3Suisses Blouse (similar here, here and here) | Urban Outfitters Skirt (similar here) | Tobi Sandals (sold out, similar here and here) | Forever21 Hat (similar here, here and here) | Vintage Bag (similar here)
Today’s photos show me flabbergasted by the superb Plaza de Toros de La Maestranza (TripAdvisor) in Seville and feeling quite Spanish in a bohemian outfit. I wore a printed maxi skirt, tied blouse with lace detail and grey hat that kept my winter-white face from absorbing the colour of the fences that separated the benches from the bullring. The Spanish sun was as merciless as the matadors who killed and occasionally were killed in this arena. I listened to the silence covering every inch of it. Then, slowly, as I closed my eyes, it gave way to voices invading the plaza.
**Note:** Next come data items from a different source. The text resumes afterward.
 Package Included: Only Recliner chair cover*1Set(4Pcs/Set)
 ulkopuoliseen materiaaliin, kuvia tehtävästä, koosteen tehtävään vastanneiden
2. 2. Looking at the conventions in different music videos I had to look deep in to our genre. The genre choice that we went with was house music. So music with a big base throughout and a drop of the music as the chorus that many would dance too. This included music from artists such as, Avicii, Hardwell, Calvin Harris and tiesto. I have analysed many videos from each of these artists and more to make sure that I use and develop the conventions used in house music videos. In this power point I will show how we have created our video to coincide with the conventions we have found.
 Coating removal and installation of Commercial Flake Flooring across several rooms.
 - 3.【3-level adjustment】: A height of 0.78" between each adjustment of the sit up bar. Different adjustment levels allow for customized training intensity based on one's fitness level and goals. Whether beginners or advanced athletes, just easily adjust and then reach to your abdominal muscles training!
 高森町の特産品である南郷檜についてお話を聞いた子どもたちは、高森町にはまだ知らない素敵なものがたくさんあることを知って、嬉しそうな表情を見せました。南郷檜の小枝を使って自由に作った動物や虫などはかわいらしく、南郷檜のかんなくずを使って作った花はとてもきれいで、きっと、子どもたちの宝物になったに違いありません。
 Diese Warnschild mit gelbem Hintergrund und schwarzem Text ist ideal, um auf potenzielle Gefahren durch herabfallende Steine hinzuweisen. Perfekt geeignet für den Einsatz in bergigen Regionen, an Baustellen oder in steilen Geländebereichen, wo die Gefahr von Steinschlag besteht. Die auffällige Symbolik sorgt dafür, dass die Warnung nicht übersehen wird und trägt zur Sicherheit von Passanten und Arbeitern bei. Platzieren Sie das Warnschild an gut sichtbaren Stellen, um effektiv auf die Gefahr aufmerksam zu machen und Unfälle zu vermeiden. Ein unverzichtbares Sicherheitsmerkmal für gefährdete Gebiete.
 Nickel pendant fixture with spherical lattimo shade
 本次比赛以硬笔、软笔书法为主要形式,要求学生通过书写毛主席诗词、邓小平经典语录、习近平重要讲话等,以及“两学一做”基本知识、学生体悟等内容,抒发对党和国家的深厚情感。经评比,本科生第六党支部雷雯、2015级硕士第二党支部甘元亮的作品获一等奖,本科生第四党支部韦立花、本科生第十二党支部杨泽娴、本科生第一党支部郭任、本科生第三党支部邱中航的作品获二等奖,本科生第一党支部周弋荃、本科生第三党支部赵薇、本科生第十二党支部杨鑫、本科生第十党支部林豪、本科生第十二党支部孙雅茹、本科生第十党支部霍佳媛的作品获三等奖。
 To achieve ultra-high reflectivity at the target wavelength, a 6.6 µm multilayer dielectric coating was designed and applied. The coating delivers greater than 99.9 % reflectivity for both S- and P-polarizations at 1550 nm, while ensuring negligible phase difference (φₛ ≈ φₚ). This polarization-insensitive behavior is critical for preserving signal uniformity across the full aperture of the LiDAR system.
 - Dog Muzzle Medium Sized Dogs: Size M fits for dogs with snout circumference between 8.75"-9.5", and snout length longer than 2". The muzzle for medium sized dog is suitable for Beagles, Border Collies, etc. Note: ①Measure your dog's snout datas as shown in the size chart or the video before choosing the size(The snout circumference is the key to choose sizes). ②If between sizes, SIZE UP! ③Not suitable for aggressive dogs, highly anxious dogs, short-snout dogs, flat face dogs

I heard the yelling of a bloodthirsty crowd and, later on, the lamento of a flamenco guitar. I saw the piercing gaze of Picasso, the dark posture of Goya torn between conflicting emotions.
I feel the same way. To me the Plaza de Toros is one of those places that unite both charm and horror. I find the architecture of the ring with its frivolously clashing tints of yellow, red and orange seriously enticing. I’m less taken however with the choreography that takes place inside the ring. I developed an allergy to bullfights when I was 7 years old and witnessed a game of “Running of the Bulls” in Châteaurenard during a holiday in the Provence. I can still vividly evoke my terror watching the youngsters clash with the bulls while showing off their bravado.
My allergy for bullfights hasn’t faded, but while I used to be more scared for the men, I now feel more sorry for the bull. While the matador is there by choice, the bull is not. Apart from rare occasions in which it performs exceptionally well, the bull dies every time. It isn’t an equal battle. Before the matador undertakes to kill the bull, the picador pierces him from on top of a horse and the banderillero jams enormous darts into his neck to wear him down. It’s a game that writer Ernest Hemingway and others have compared to a drama, a work of art. I however was happy to have seen the theatre and to have missed the bloody play.